Sunday, April 24, 2005

Verizon Issues Statement on MCI 

This must be becoming a nightmare for those of you that are customers of these shmucks.

Today MCI reiterated what it expressed over two weeks ago -- namely that it would deem a Qwest offer of $30 to be superior to the $23.10 provided under the current Verizon-MCI merger agreement -- apparently concluding that the difference was sufficient compensation for the increased risks associated with completing the transaction and executing the business plan thereafter.

Verizon believes its pending transaction with MCI creates long-term, as well as short-term, value for the shareholders of both companies by protecting the integrity of MCI's business, ensuring that MCI's customers have continuing access to the best communications services, retaining key employees, and stabilizing MCI's financial position and prospects.
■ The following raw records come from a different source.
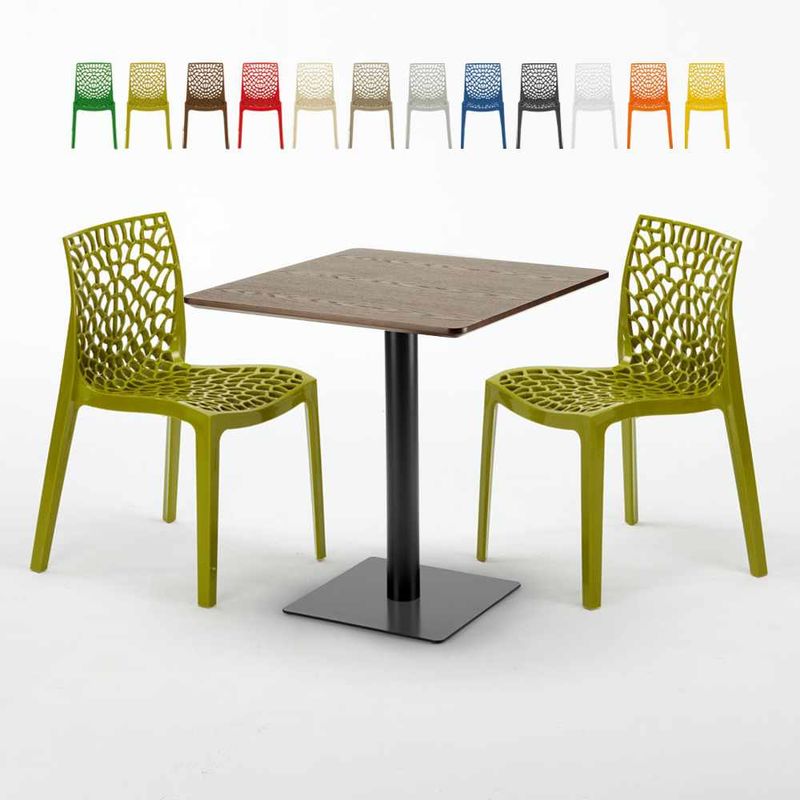 Tavolino Quadrato 70x70 cm Effetto Legno con 2 Sedie Colorate Gruvyer Melon | Verde Anice - GRAND SOLEIL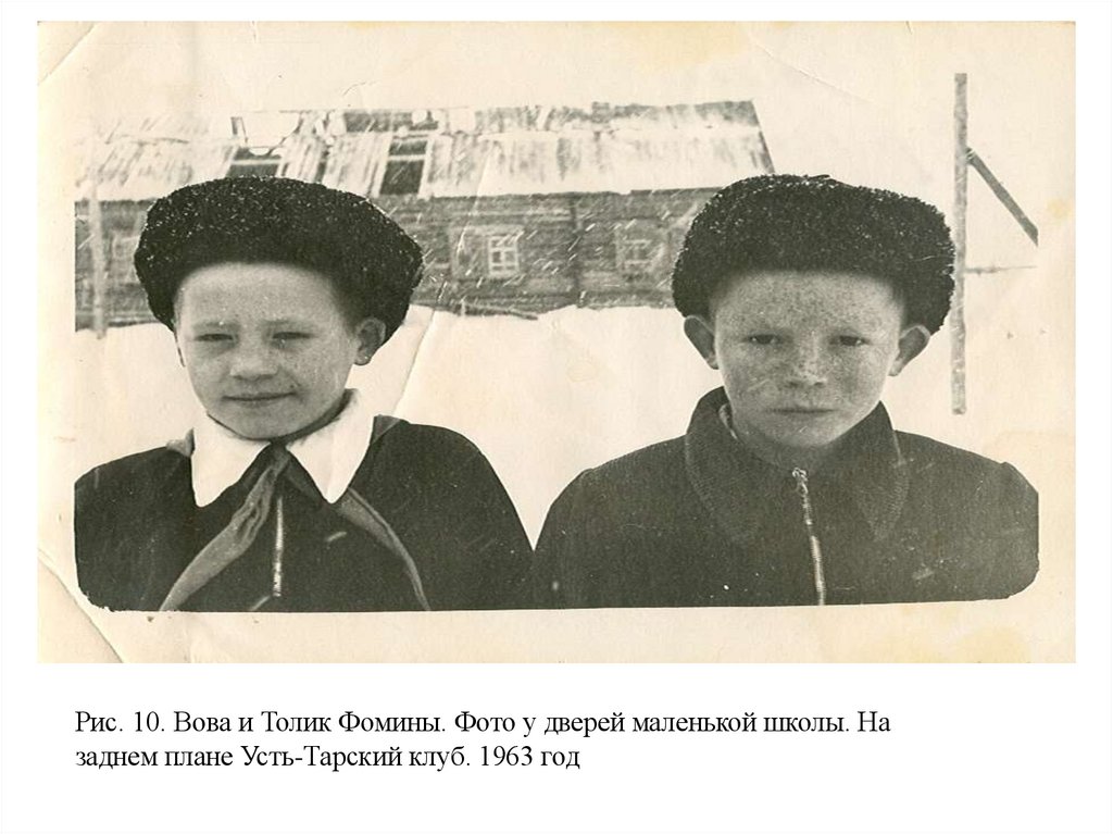 Рис. 10. Вова и Толик Фомины. Фото у дверей маленькой школы. Назаднем плане Усть-Тарский клуб. 1963 год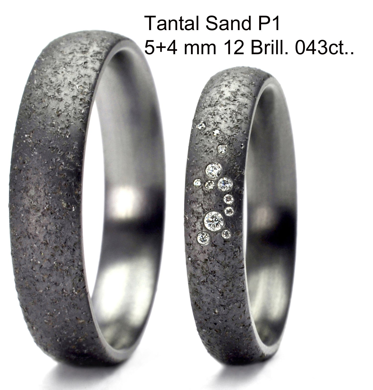 Tantalum Magic Tantal Trauringe Sand P1 12 Brill. 0,047ct.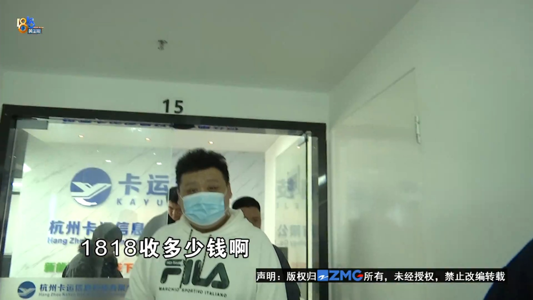 赵师傅带着记者找到了杭州拱墅区天邑国际大厦里面,说是当时签合同的地方。记者看到,门上贴了“杭州卡运信息科技有限公司”的字样,里面的办公室门上,又有“泽宇货运”的字样。

Under the terms of the Verizon-MCI definitive merger agreement, Verizon may elect to require MCI to continue to finalize its proxy statement and to organize a meeting of MCI's shareholders to consider the agreed transaction with Verizon. Alternatively, Verizon may elect to terminate the agreement with MCI. Upon such a termination, Verizon would be entitled to be paid by MCI a $240 million break-up fee plus an expense reimbursement of up to $10 million, and the same amounts would be payable following an MCI shareholders meeting if the Verizon-MCI transaction were not approved and an agreement was signed with Qwest.